◆ WHAT YOU HAVE TO DO ◆
Below, find the line containing "Vor drei Jahren" and the line containing "POŚCIEL DO ŁÓŻECZKA"; reproduce exactly those two and every line between them, omitting pictures.

◆ ENTRIES SHOWN ◆
________________

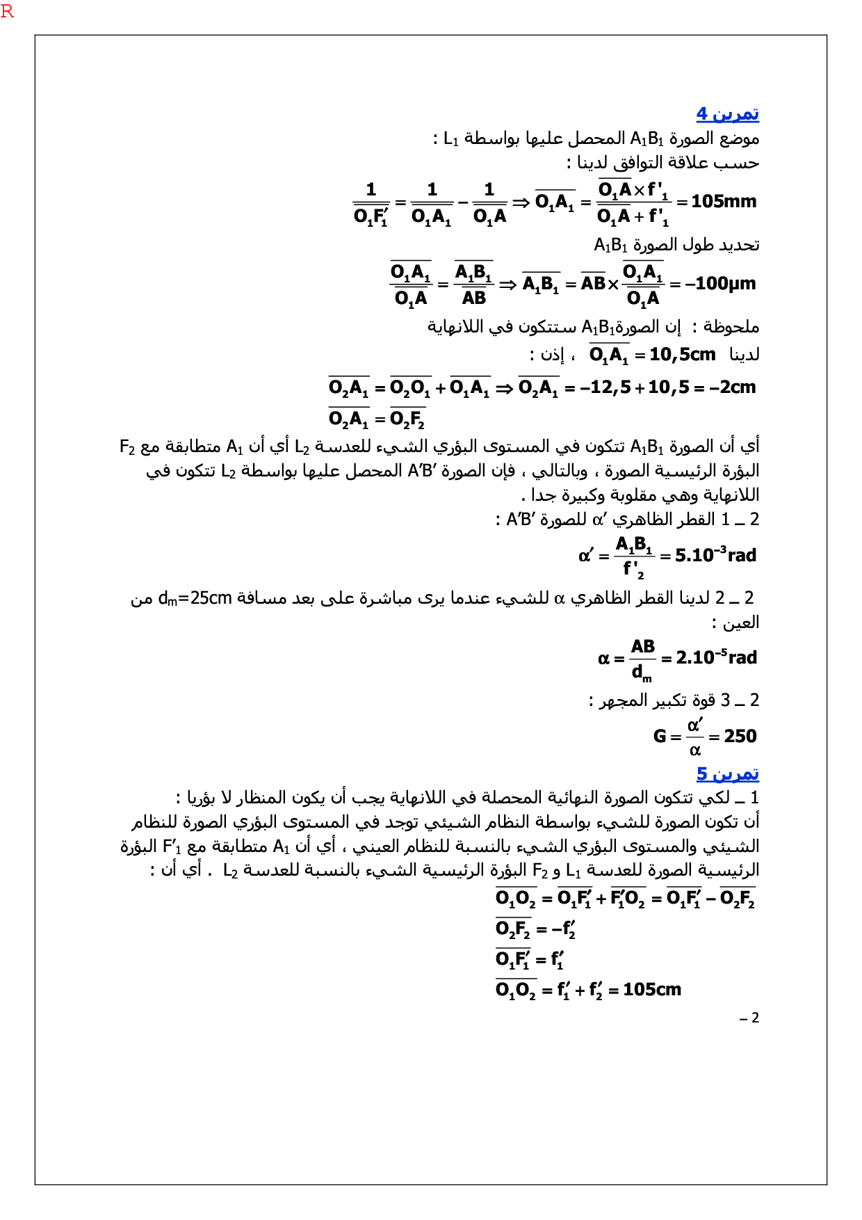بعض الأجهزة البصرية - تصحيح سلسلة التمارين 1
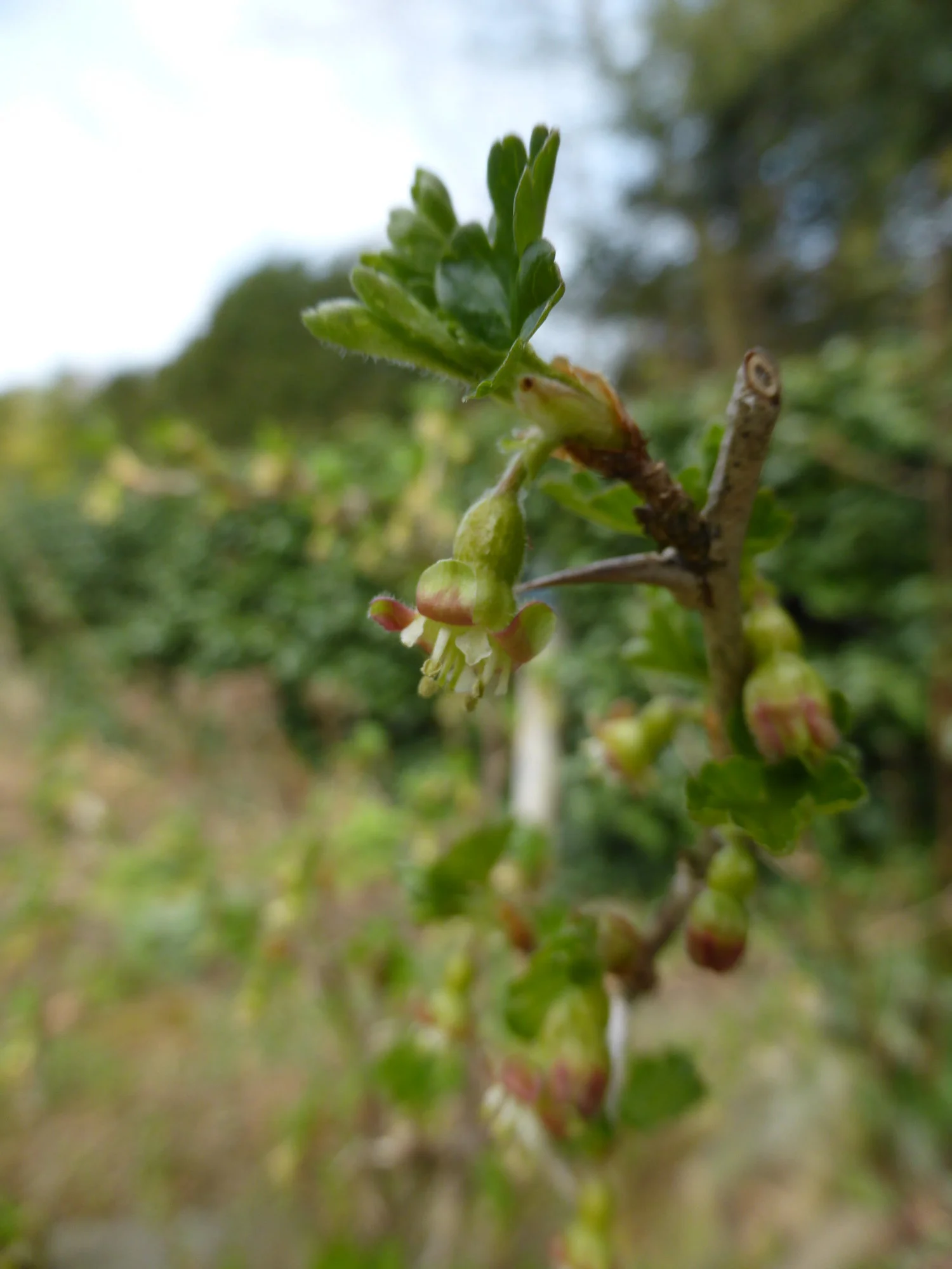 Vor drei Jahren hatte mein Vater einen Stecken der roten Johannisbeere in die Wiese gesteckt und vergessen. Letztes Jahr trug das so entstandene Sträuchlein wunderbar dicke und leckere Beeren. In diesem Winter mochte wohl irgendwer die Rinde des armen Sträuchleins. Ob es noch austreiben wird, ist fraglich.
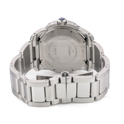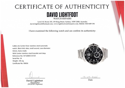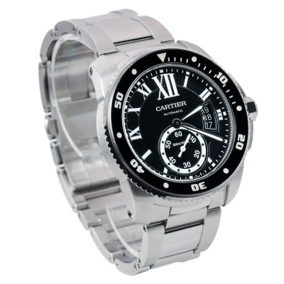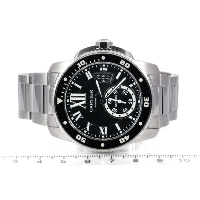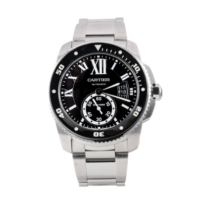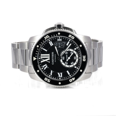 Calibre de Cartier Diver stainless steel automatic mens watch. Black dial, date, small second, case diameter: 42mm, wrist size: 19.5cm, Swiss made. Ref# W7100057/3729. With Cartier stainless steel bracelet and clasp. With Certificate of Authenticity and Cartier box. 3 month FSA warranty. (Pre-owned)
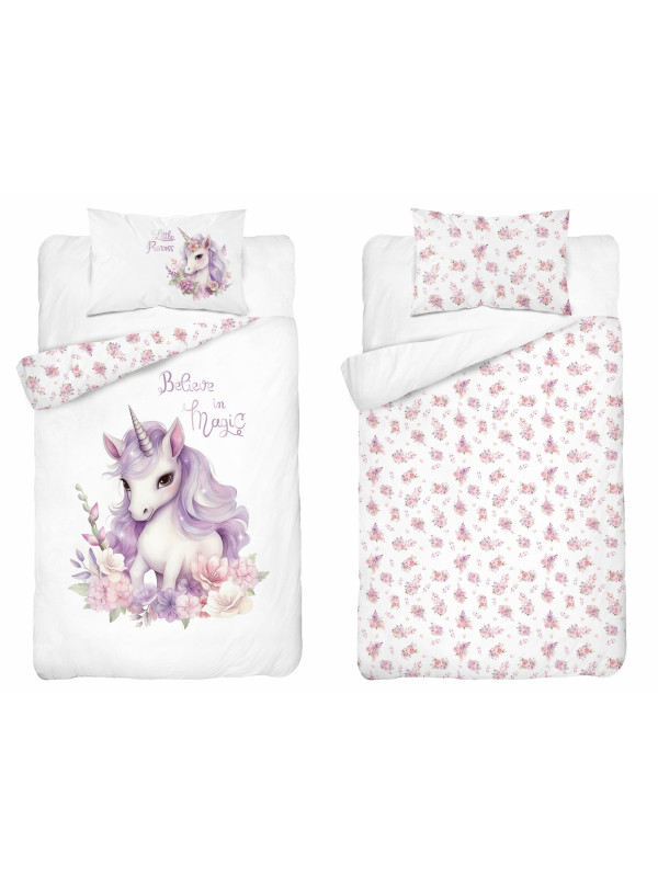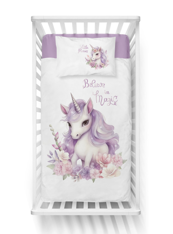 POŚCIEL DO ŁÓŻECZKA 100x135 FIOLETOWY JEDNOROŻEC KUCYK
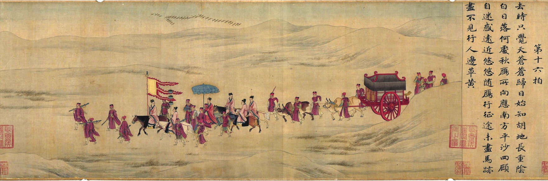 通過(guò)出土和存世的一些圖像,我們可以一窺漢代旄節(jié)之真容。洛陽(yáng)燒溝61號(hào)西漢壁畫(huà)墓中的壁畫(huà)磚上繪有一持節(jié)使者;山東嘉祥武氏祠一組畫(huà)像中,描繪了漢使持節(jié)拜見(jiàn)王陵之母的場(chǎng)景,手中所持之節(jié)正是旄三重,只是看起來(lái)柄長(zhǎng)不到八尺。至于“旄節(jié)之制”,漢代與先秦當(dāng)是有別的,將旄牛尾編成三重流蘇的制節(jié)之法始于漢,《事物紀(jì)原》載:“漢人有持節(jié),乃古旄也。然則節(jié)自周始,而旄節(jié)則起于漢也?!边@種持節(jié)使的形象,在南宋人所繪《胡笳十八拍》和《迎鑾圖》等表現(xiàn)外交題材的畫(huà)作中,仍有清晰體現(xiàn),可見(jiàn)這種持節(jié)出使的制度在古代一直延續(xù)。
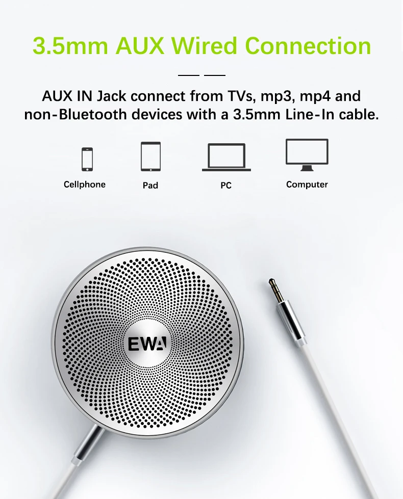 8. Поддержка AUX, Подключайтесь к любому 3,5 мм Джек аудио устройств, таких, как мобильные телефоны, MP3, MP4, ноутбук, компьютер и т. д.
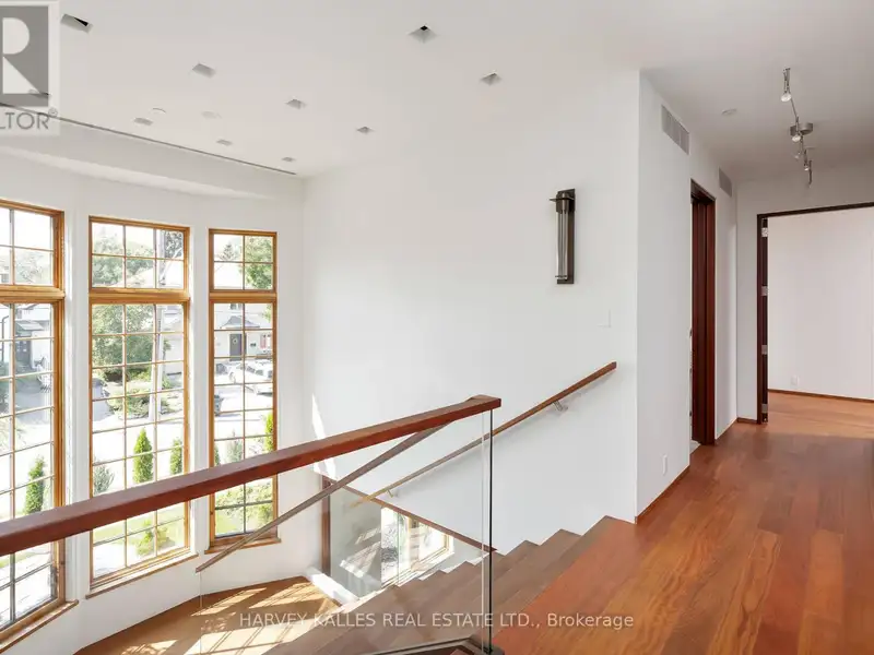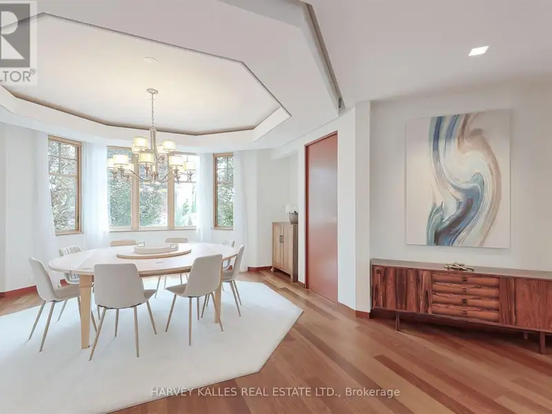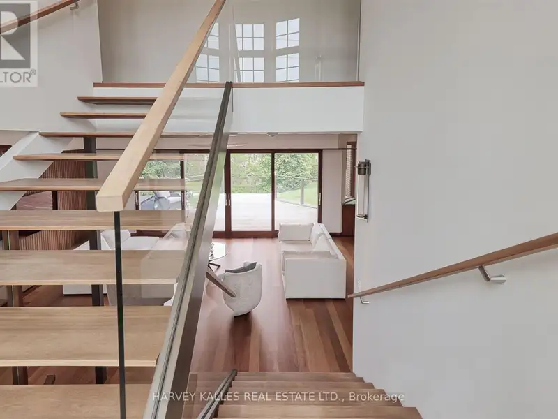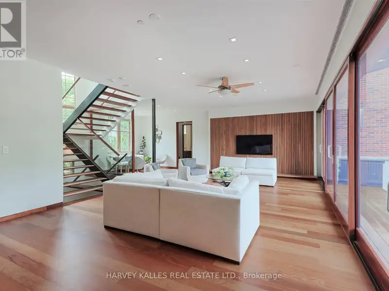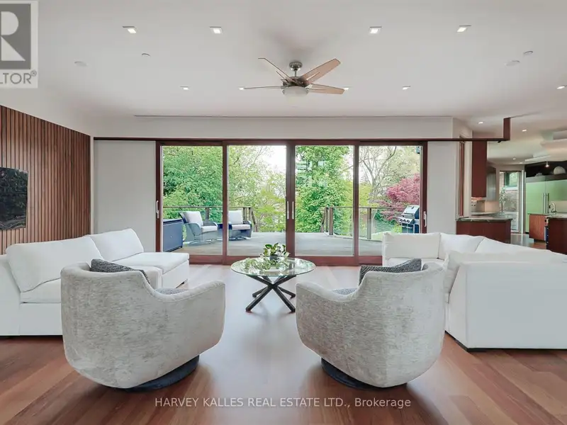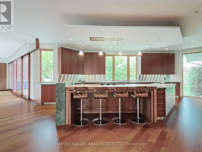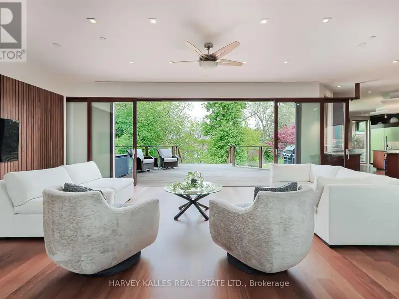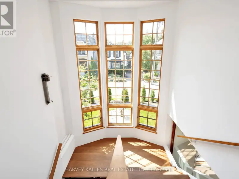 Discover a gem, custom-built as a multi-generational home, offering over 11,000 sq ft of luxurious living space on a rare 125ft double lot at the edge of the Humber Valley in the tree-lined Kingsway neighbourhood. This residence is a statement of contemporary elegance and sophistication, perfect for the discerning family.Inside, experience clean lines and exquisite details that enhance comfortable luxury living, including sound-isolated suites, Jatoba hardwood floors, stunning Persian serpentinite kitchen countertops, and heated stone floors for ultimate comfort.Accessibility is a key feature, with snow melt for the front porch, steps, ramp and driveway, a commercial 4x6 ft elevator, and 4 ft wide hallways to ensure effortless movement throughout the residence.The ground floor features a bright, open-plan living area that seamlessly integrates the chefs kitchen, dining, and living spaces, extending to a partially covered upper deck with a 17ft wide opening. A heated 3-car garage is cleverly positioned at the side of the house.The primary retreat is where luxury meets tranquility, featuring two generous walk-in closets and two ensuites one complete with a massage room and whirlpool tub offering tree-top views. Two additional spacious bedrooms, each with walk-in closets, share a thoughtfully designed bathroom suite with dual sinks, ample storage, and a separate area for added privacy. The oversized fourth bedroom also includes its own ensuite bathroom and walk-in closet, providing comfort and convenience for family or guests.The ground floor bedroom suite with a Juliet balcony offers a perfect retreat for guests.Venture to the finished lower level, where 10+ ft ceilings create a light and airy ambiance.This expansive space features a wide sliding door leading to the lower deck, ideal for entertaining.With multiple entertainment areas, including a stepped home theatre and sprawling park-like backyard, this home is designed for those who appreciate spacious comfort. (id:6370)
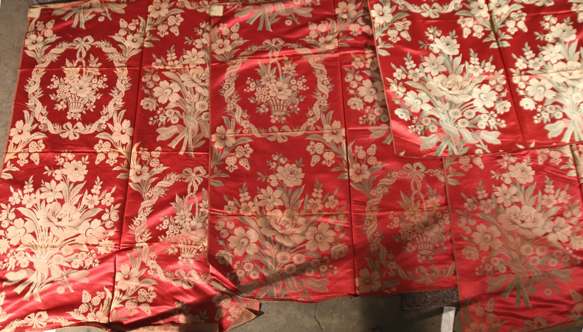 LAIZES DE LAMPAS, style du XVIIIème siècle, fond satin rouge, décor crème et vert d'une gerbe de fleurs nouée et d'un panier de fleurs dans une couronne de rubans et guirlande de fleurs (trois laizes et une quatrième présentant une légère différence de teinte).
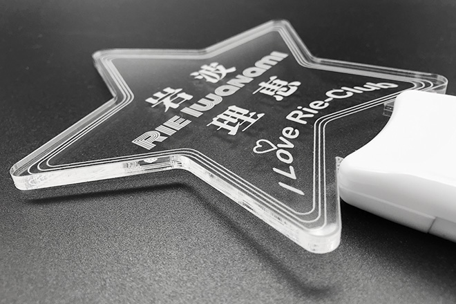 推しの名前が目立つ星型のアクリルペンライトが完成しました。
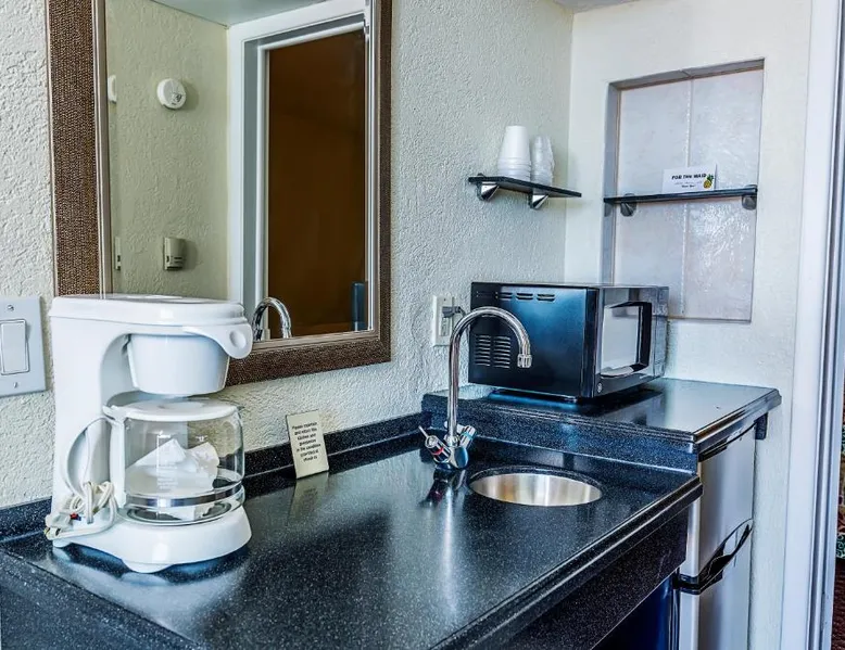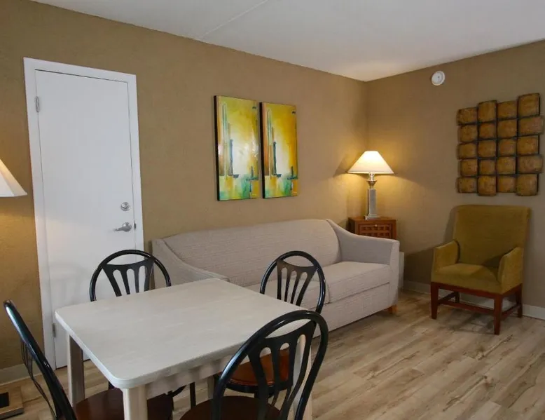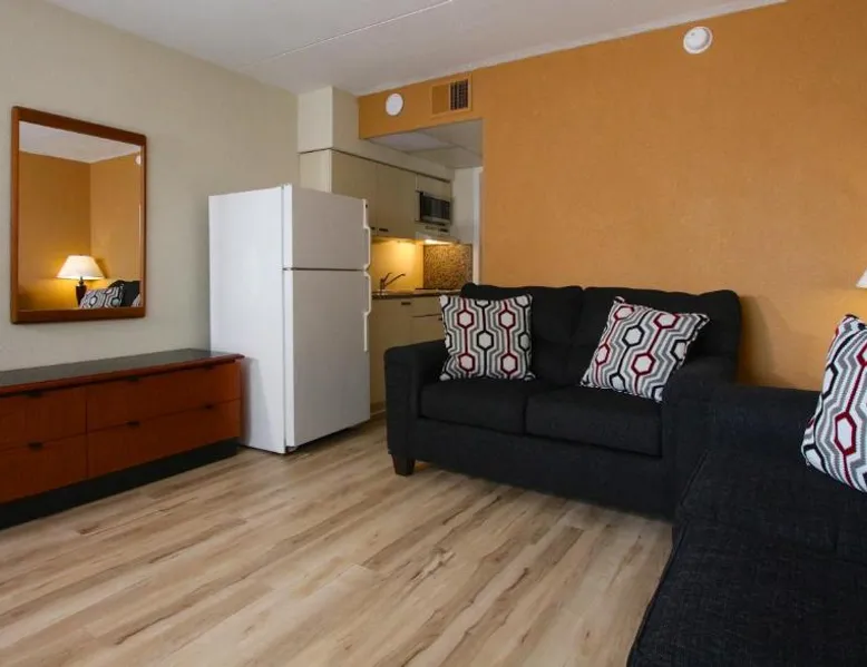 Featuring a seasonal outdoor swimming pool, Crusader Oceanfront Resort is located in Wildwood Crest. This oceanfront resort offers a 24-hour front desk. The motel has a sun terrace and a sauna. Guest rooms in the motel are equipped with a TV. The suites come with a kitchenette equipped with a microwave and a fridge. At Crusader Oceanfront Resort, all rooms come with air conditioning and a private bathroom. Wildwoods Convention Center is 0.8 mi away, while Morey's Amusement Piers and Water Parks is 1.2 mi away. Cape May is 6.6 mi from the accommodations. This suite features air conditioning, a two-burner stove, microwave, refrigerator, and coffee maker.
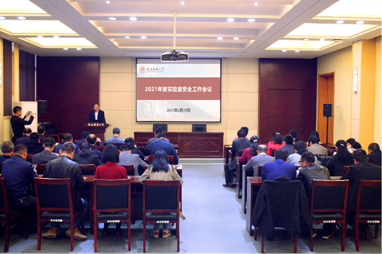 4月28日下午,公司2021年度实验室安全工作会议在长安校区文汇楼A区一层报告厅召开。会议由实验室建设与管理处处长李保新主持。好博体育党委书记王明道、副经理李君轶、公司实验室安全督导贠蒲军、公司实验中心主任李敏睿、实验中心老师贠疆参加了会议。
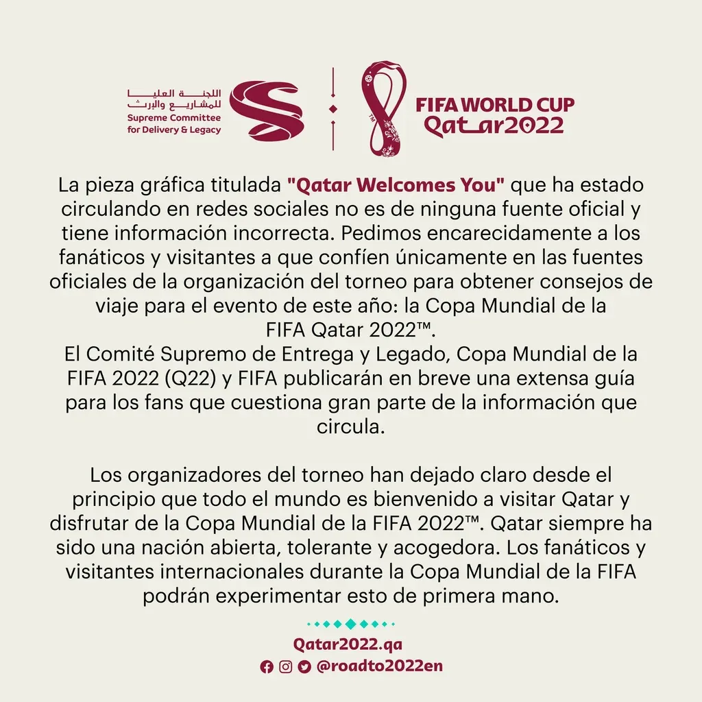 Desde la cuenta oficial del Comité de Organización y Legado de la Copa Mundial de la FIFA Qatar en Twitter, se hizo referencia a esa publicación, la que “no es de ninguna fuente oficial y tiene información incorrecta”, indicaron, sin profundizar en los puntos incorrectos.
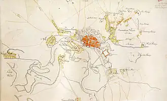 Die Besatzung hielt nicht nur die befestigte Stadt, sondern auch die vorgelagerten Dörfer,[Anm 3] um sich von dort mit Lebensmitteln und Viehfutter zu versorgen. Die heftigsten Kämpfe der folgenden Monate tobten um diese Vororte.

________________

◆ EXERCISE RESULT ◆
 Vor drei Jahren hatte mein Vater einen Stecken der roten Johannisbeere in die Wiese gesteckt und vergessen. Letztes Jahr trug das so entstandene Sträuchlein wunderbar dicke und leckere Beeren. In diesem Winter mochte wohl irgendwer die Rinde des armen Sträuchleins. Ob es noch austreiben wird, ist fraglich.
 Calibre de Cartier Diver stainless steel automatic mens watch. Black dial, date, small second, case diameter: 42mm, wrist size: 19.5cm, Swiss made. Ref# W7100057/3729. With Cartier stainless steel bracelet and clasp. With Certificate of Authenticity and Cartier box. 3 month FSA warranty. (Pre-owned)
 POŚCIEL DO ŁÓŻECZKA 100x135 FIOLETOWY JEDNOROŻEC KUCYK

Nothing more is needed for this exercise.